The patients, both in their thirties and hailing from Ontario and Alberta, underwent the surgeries at Toronto Western Hospital under the guidance of Dr. Andres Lozano, a leading neurosurgeon at the University Health Network. The surgeries occurred on August 27 and September 3, 2025. Both individuals have limited or no manual dexterity due to their conditions. Remarkably, they were able to manipulate a computer cursor almost immediately after the procedure.
Dr. Lozano explained that electrodes were implanted in the motor areas of the patients’ brains, which capture neuronal signals and convert them into commands for external devices. He noted, “The first patient was able to control a cursor by just thinking within minutes. It is extremely rapid. The signals are decoded and the artificial intelligence reads the signals and then translates them into movement on the cursor.”
The promise of brain-computer interface (BCI) devices is not limited to Neuralink. Other companies, including New York-based Synchron, are also conducting trials in this rapidly evolving field. While the potential benefits of such technology are exciting, experts urge caution regarding expectations.

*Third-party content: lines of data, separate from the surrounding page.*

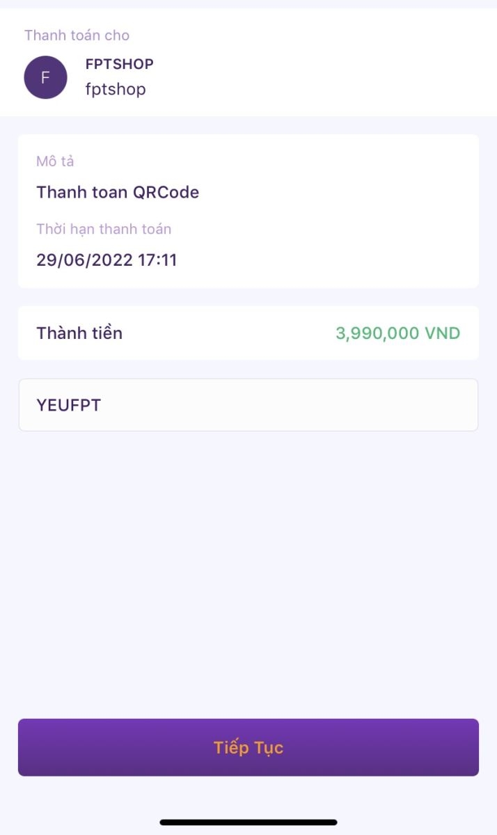 Đăng nhập vào ứng dụng Mobile Banking của ngân hàng, chọn tính năng QR Pay. Quét mã QR và nhập trên Mobile Banking mã ưu đãi YEUFPT (nếu thanh toán trên web) vào ô “Mã giảm giá”.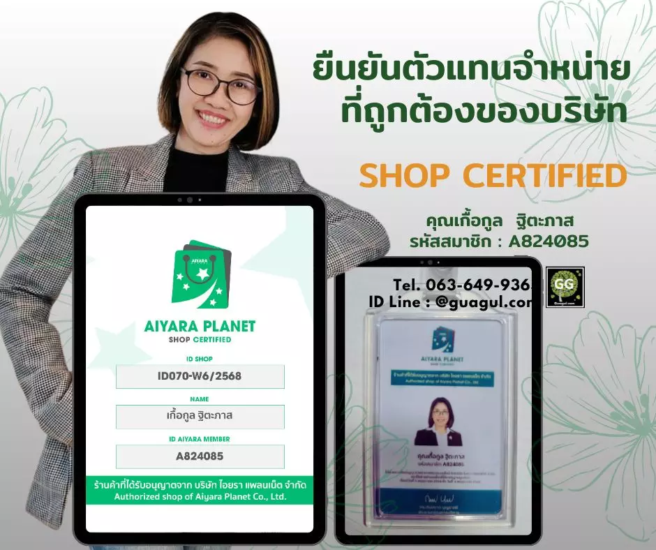ร้านค้าจดทะเบียนพาณิชย์ถูกต้องมากกว่า 12 ปี ยืนยันตัวแทนจำหน่ายจากบริษัท รหัสตัวแทน A824085 เกื้อกูล ฐิตะภาส จำหน่ายผลิตภัณฑ์นวัตกรรมงานวิจัย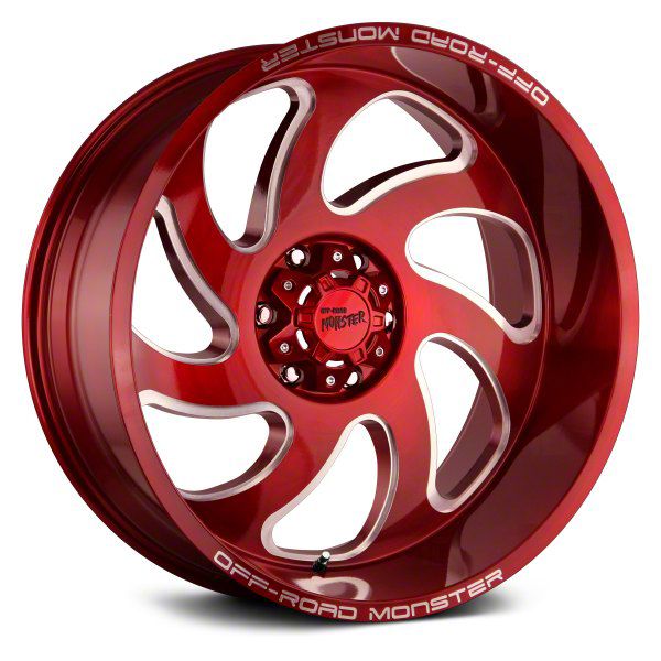 Off-Road Monster M07 Candy Red 6-Lug Wheel; 22x12; -44mm Offset. The Off-Road Monster M07 Candy Red 6-Lug Wheel offers a striking balance of style and refinement. Its unique design accentuates the vehicle's aesthetic, while the premium construction underscores its robust nature. This wheel is a perfect choice for those seeking both elegance and a strong visual statement.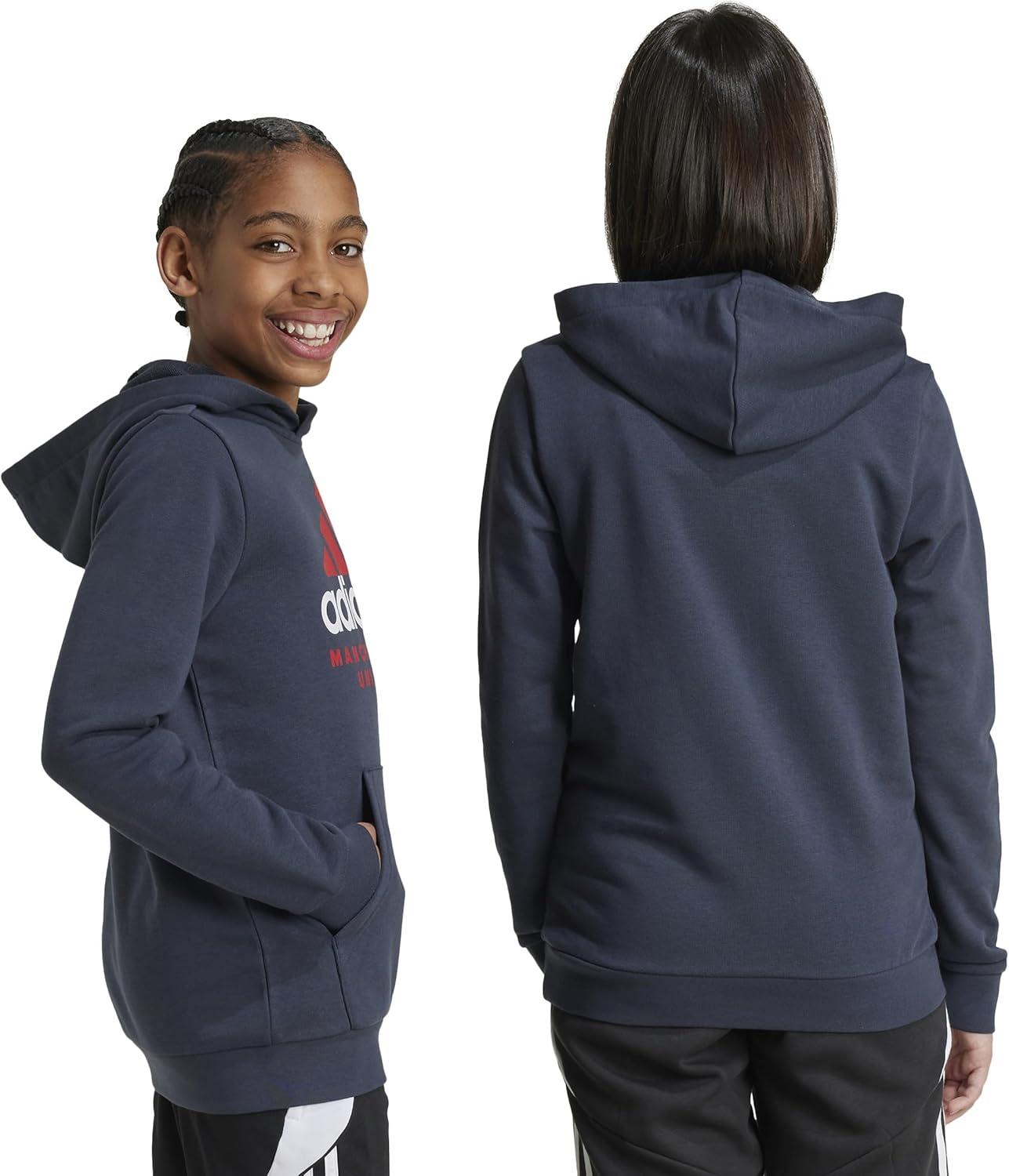 Rep your squad all day long in this juniors' Manchester United hooded sweatshirt from adidas. The team badge on the chest keeps the look official, while the ribbing on the cuffs and hem keep the fit snug. The hood and kangaroo pocket in front give you everything you need to dominate the colder weather.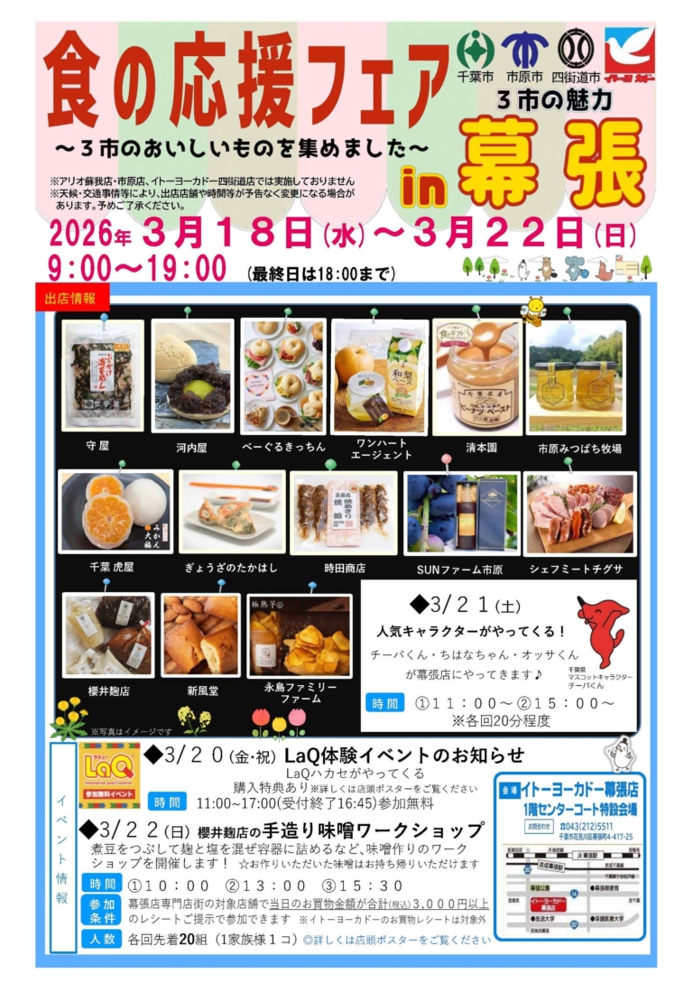 【幕張】3市の“おいしい”がイトーヨーカドーに大集合!「食の応援フェア2026」開催。味噌作り体験やチーバくんとの撮影会も!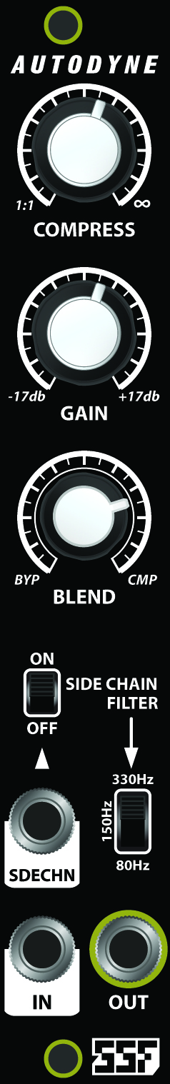 autodyne is a 4hp auto-compressor/distortion featuring a multi-mode side chain filter and ny style parallel compression blend control.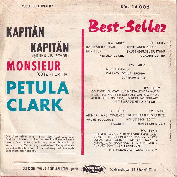 08 62....DV. 14006....Petula Clark mit dem Orchester Henry Mayer..Kapitän, Kapitän/Monsieur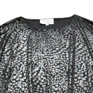 Eye-catching Periphery Too top in a black and silver metallic poly blend with a textured abstract pattern. Features a relaxed oversized silhouette, three-quarter sleeves, and a longer tunic length with a solid black hem panel for contrast. Lightweight with a subtle shimmer that gives it a bold Y2K evening or statement look. Perfect for layering over leggings, trousers, or styled as a standout vintage piece.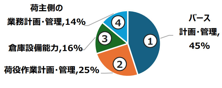 長時間の荷待ちの原因は、「バース計画・管理」45%、「荷役作業計画・管理」25%、「倉庫設備能力」16%、「荷主側の業務計画・管理」14%となった。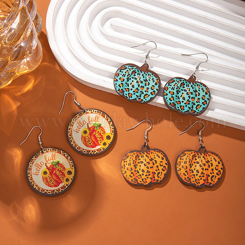 Акриловые серьги-подвески в виде тыквы с леопардовым принтом, платина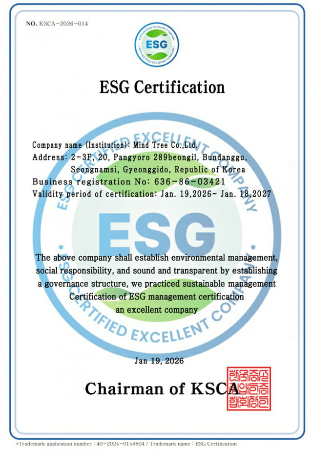 ◆마인드트리, 한국중소기업인증협회 ESG 인증 획득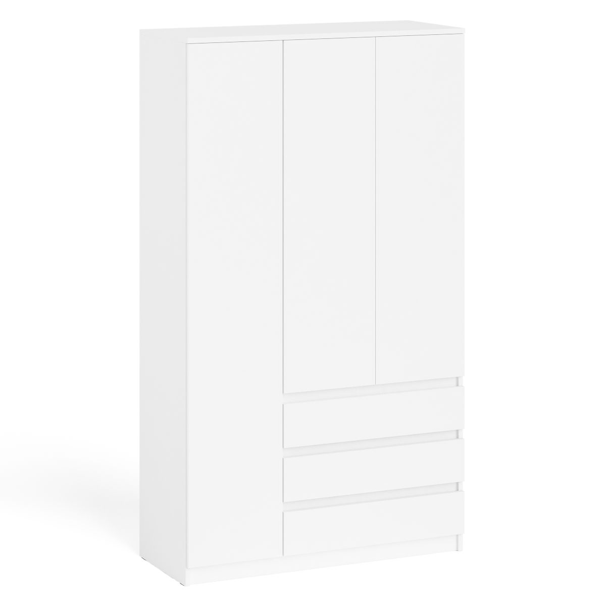 Оборудован тремя распашными дверями и тремя выдвижными ящиками. Слева за дверкой расположено отделение с горизонтальной штангой для одежды на плечиках, антресольной полкой и нижней нишей. Справа сверху за дверьми отделение с тремя полками и снизу тремя выдвижными ящиками. Шкаф-комод не универсален при сборке - отделение с ящиками располагается только справа. Продуманная конструкция позволяет убрать лишние предметы, тем самым сохраняя единый стиль оформления помещения. Отсутствие ручек главное преимущество данной модели.
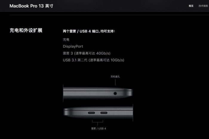 接口方面Macbook Pro 13带有一个3.5mm音频接口,两个全功能雷雳/USB 4接口。两个雷雳/USB 4接口均支持充电输入,运行在雷电3模式时速率可达40Gbps,向下兼容USB3.1 10Gbps。

Barry Munro, chief development officer of the Canadian Spinal Research Organization, has been quadriplegic since a diving accident 38 years ago and has dedicated his life to spinal cord injury research. He has also assisted in recruiting participants for Neuralink’s U.S. trial. Munro shared his concerns, noting that the first patient who received the device in the United States experienced complications when the implant began to shift weeks after surgery. Despite these challenges, he acknowledged the technology’s potential, stating, “We ain’t there yet, that’s all.”
The Canadian trial participants will be monitored for a minimum of one year, with plans to enroll an additional four patients who are either paralyzed due to spinal cord injuries or diagnosed with Amyotrophic Lateral Sclerosis (ALS). The research team aims to evaluate both the safety of the implants and their impact on the patients’ quality of life. They will be vigilant for potential side effects, including seizures, infections, or strokes.
As these patients progress, they will learn to type on a computer without using a keyboard, and they have already begun playing video games. Dr. Lozano emphasized that this trial represents a preliminary step towards understanding the broader applicability of the technology. He stated, “The device right now is a cursor, but in the future you could drive a car, you could drive your wheelchair, you could drive a robot.”
The initial findings from the Canadian trial have sparked interest and optimism within the scientific community. As the technology develops, it could pave the way for transformative advancements in assistive devices for individuals with mobility impairments. The journey to refine and expand this technology continues, with many watching closely to see how these groundbreaking efforts unfold.